Some campaign officials have voiced those concerns in recent days. During a digital “fireside chat” on Saturday, Sen Bernie Sanders’ campaign manager Faiz Shakir told viewers that it was still an open question of whether states would hold the primaries at all—urging “healthy” voters to go to the polls.

The next night, Briahna Joy Gray, Sanders’ national press secretary, tweeted that comments by former Vice President Joe Biden’s communications director Symone Sanders asserting that it was safe to vote on Tuesday were “wrong.”

“The only guidance we have so far is that we should not gather in groups of 50 people or more. I’m sure it’s an honest mistake, but this is a public health crisis,” Gray continued.

Later that evening, the co-chair of Sanders’s Arizona campaign in Arizona called on the state election to postpone the primary.

“The CDC announced that gatherings of 50 or more should be canceled for the next eight weeks,” tweeted Brianna Westbrook, the vice chair of the Arizona Democratic Party. “There will be more than 50 people at polling locations on Tuesday.
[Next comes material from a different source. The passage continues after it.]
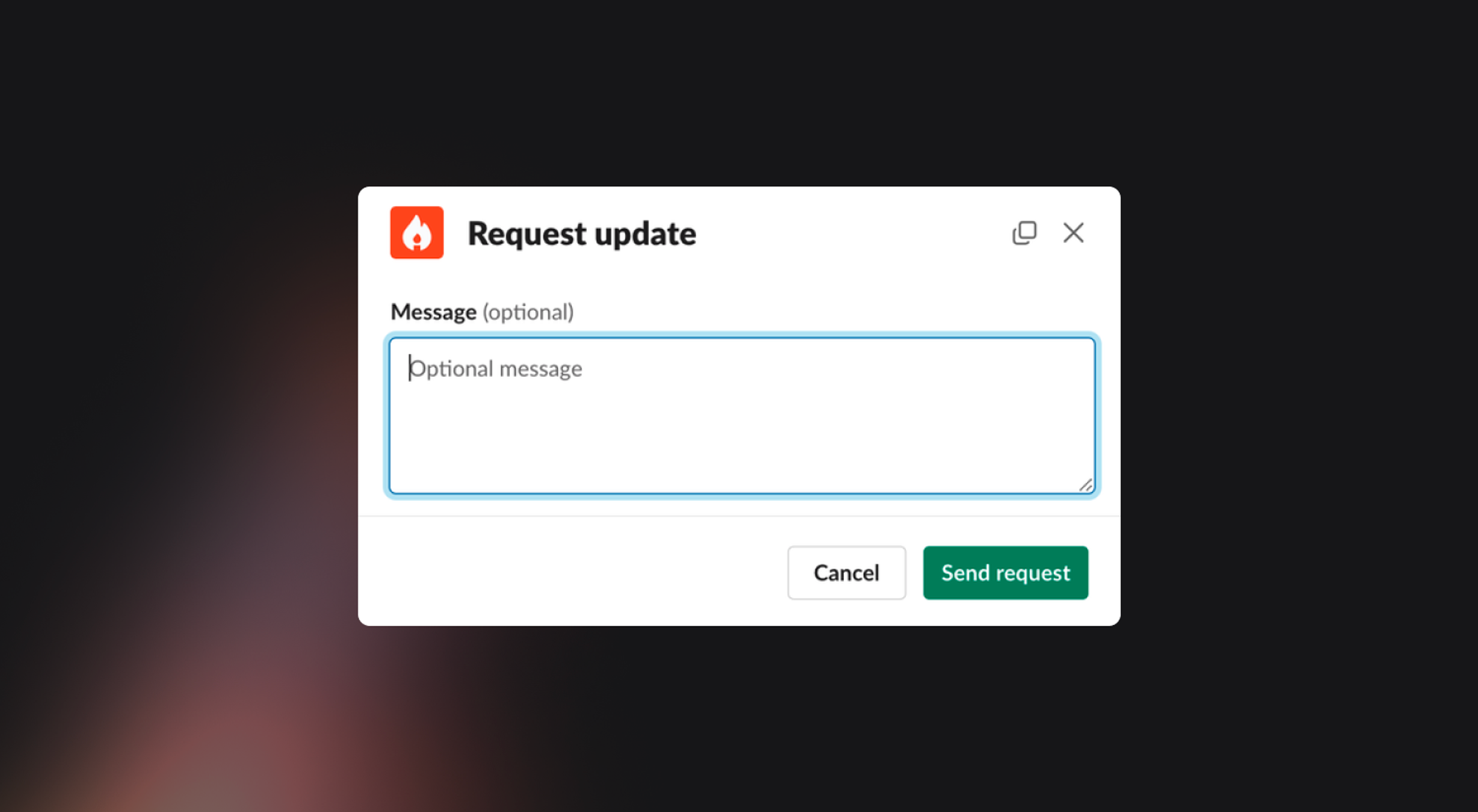 It was previously possible to request an update to an incident from within the dashboard, and now we’ve brought that experience to Slack with /inc request update.

It’s time to push back the election a few weeks until it’s safe.”

The state party said that Westbrook’s comments were “not in line with the conclusions reached by the Arizona Democratic Party,” and called for the election to proceed as planned.

“The public should exercise caution but understand that polling centers have been properly equipped with the necessary items to ensure public safety,” the Arizona Democratic Party said in a statement.

Asked about the particular risk that the virus poses to elderly populations in the state—for example, the snowbird mecca Sun City—Fontes said that the recorder’s office is trying to distribute resources equally, regardless of the potential demographics of certain voting centers.

“It’s not just older folks who are susceptible—everyone can be a potential carrier,” Fontes said. “We’re sufficiently focused on all areas. We all have to be particularly careful during these times.”